Wednesday, Sept. 12, 2012 | 2:11 p.m.
As record rainfall poured in the Las Vegas Valley on Tuesday, local firefighters and rescue teams assisted stranded motorists and responded to dozens of swift-water rescue calls. We take a look back at some of the notable swift-water rescues during the past two decades:
Aug. 8, 1994
A swift-water rescue under the U.S. 95 Expressway at Jones Boulevard topped an evening of scattered heavy rain in Southern Nevada, most of it falling in northwest Las Vegas. Las Vegas firefighters and a Metro Police search-and-rescue unit were called about 7:30 p.m. to the scene where Joe and Audrey Argostino of Las Vegas were sitting on the roof of their car, which was nearly submerged in water.
Jan. 4, 1995
During heavy rains, Clark County Fire Department rescue crews were called about 5:30 p.m. to the far side of the Imperial Palace parking garage at Wittig Avenue and Audrie Street, where a motorist trying to drive across and into a street was stranded in several feet of water. As rapid water carrying silt, branches and other debris swirled about the car and into the Flamingo Wash, the water level rose to the windshield and engulfed the vehicle.
Aug. 11, 1997
A severe thunderstorm hit the east side of the valley, causing more than 4,200 Henderson homes to lose power and leaving major damage to roadways and washed-out bridges in the area.
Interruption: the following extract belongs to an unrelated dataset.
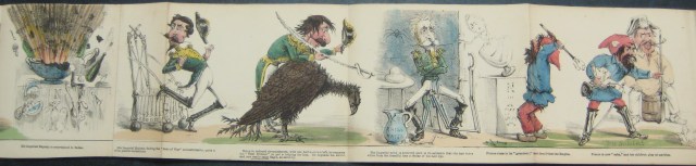 The work is original because it combines ingeniously the form of the panorama with the genre of satire. It features caricatures of famous individuals (Wilhelm I, Bismark, Napoleon III, Moltke, McMahon, prince Eugène-Louis Napoléon, Bazaine, Victor Hugo…), as well as more generic satirised figures (French (colonial) troops, French Republicans / revolutionaries…). Cruikshank’s Panorama is more than a single-page sum of individual caricatures or comic strip, and differs from a large satirical group portrait such as the Panthéon Nadar (1851). It develops as a sequential comic strip in an accordion fold-out. Cruikshank had previously created other folded lithographic comic panoramas inspired by contemporary history: he illustrated ‘Guy Faux: a Squib’ by Horace Mayhew (1849), and authored ‘The Comic History of the Russian War’ [c.1856], and ‘The Comic History of the Potentates of the World’ [n.d.].

Near a drainage ditch behind Sam Boyd Stadium off Boulder Highway, the Clark County Fire Department's swift-water rescue team broke through the windshield to pull a woman's limp body from a car submerged up to its hood in floodwaters. The 20-year-old woman was transported to Desert Springs Hospital, having suffered apparent hypothermia. She apparently had fallen unconscious after driving into the flooded area.
July 20, 1998
A severe electrical storm swept through the Las Vegas Valley, dumping several inches of rain, causing power outages, road closures, fires and at least one death.
The Clark County Fire Department around 7 a.m. made a swift-water rescue of a woman who clung to reeds in the wash near Sam Boyd Stadium off Tropicana Avenue, where her vehicle had become trapped in raging floodwater. Firefighters made three swift-water rescues between 3 and 6 p.m. at Durango Drive and Desert Inn Road. Also, police pulled two cars from beneath floodwaters at the Charleston underpass.
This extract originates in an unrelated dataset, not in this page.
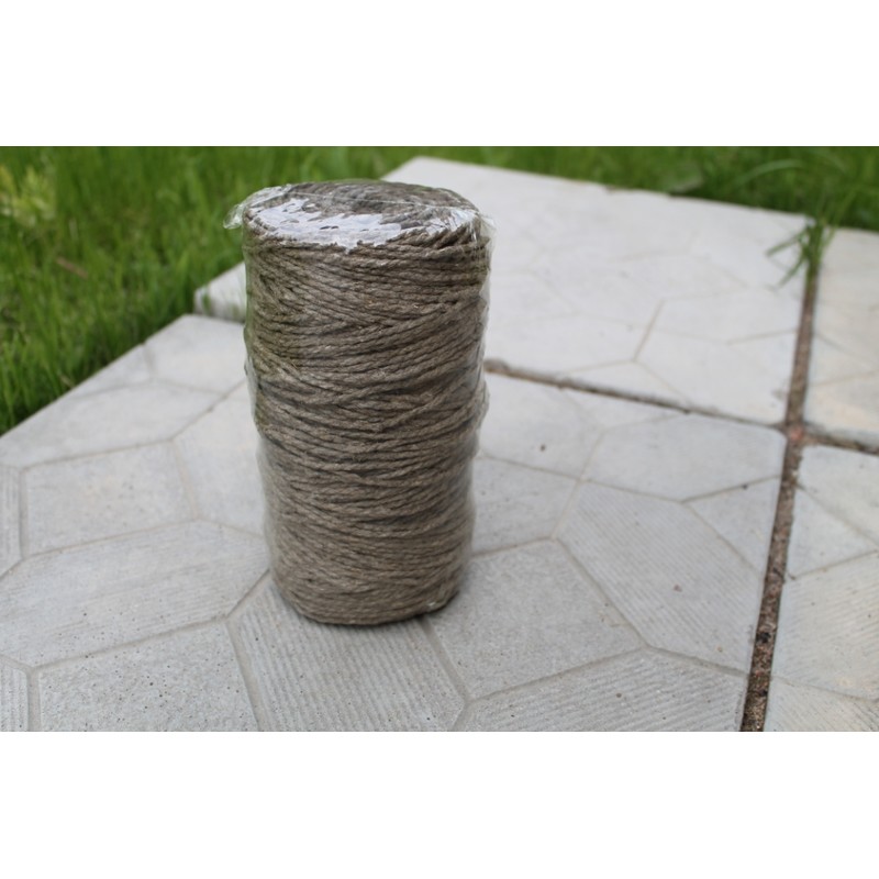 Льняной шпагат естественного темно-бежевого цвета. Полированный шпагат в бобине длиной 200 метров. Толщина — 2,4 миллиметра, плотность материала — 4,2 кТекс. Бобина весит 1 кг. Соответствует ГОСТу 17308-88.

During the storm, two disasters struck the Palace Station, as the roof caved in, sending a beam smashing into gaming tables and a wooden facade on the tower caught fire. Both the casino and hotel were evacuated during the incidents.
Aug. 19, 2003
A sudden rainstorm left northwest Las Vegas streets several inches under water – and in many areas several feet under water. Some motorists abandoned their cars and walked home through water up to their thighs. Others tried driving through the rising and rapid currents. Many in that group ended up on their car roofs, waiting to be rescued by swift-water rescue teams
Aug. 16, 2004
Clark County Fire Department rescue crews plucked several people out of waters rushing across the valley during the height of a short intense storm.
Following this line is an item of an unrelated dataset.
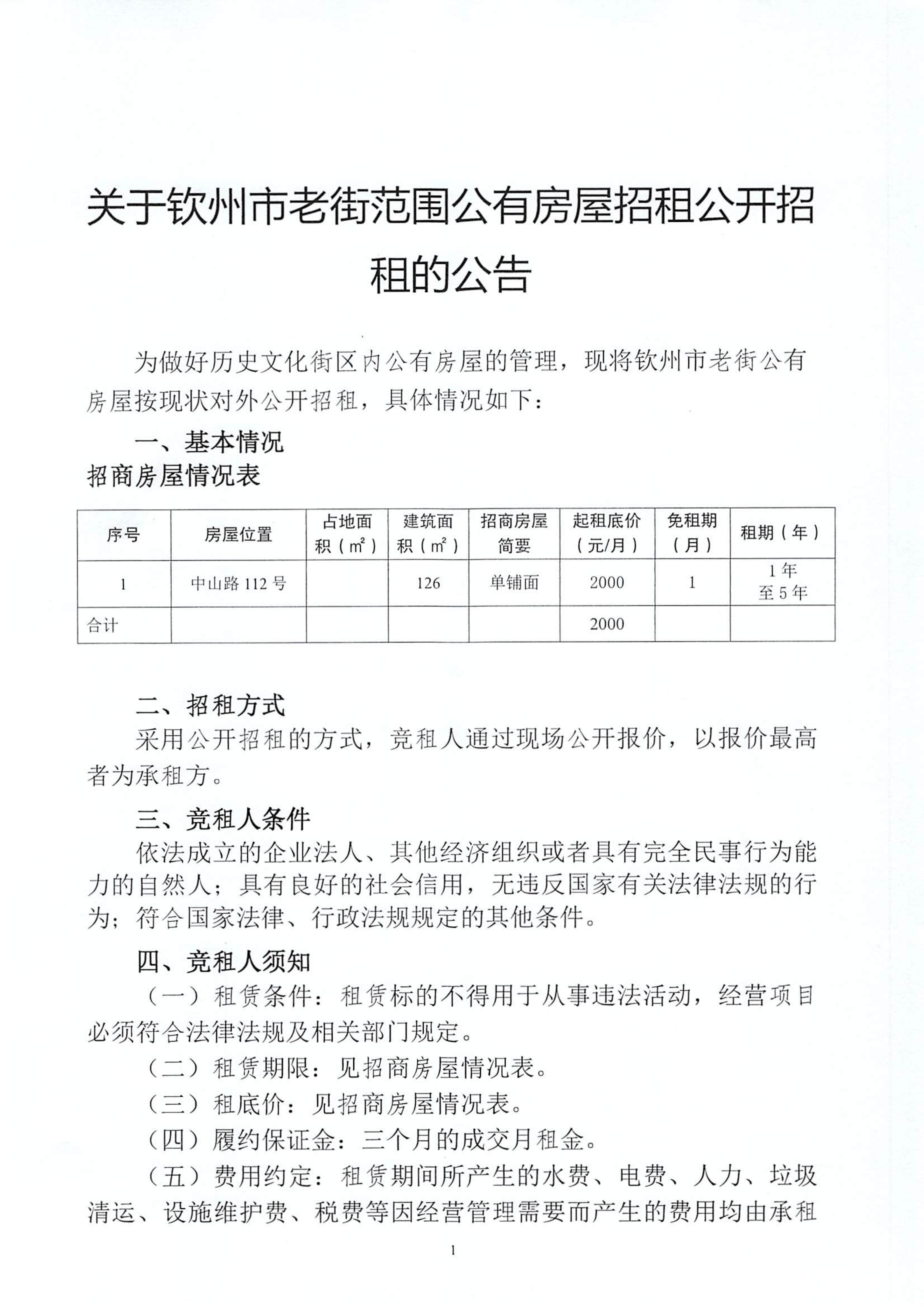 關于欽州市老街范圍公有房屋招租公開招租的公告

Three swift-water rescues occurred within a 45-minute period at Charleston Boulevard and Hualapai Avenue, Flamingo Road and Swenson Avenue and Rainbow Boulevard and Spring Valley Drive. A swift-water rescue at 3:30 p.m. on Tropicana Avenue and Industrial Road began after a passerby saw a man swept down the wash.
Dec. 28 – 29, 2004
Severe thunderstorms flooded roadways and prompted the closure of at least nine area intersections and made countless other streets impassable. Clark County firefighters stayed busy responding to 29 swift-water rescues from cars that had become stuck in deep water.
Aug. 7, 2008
A powerful storm hit the Las Vegas valley, causing flooding to businesses and prompting road closures. State Route 160 was closed for more than an hour, and some areas of U.S. 95 were under two feet of water. Henderson firefighters performed several swift-water rescues and saved a 12-year-old boy from a wash near Patrick Lane and Stephanie Road, where the boy had been skateboarding.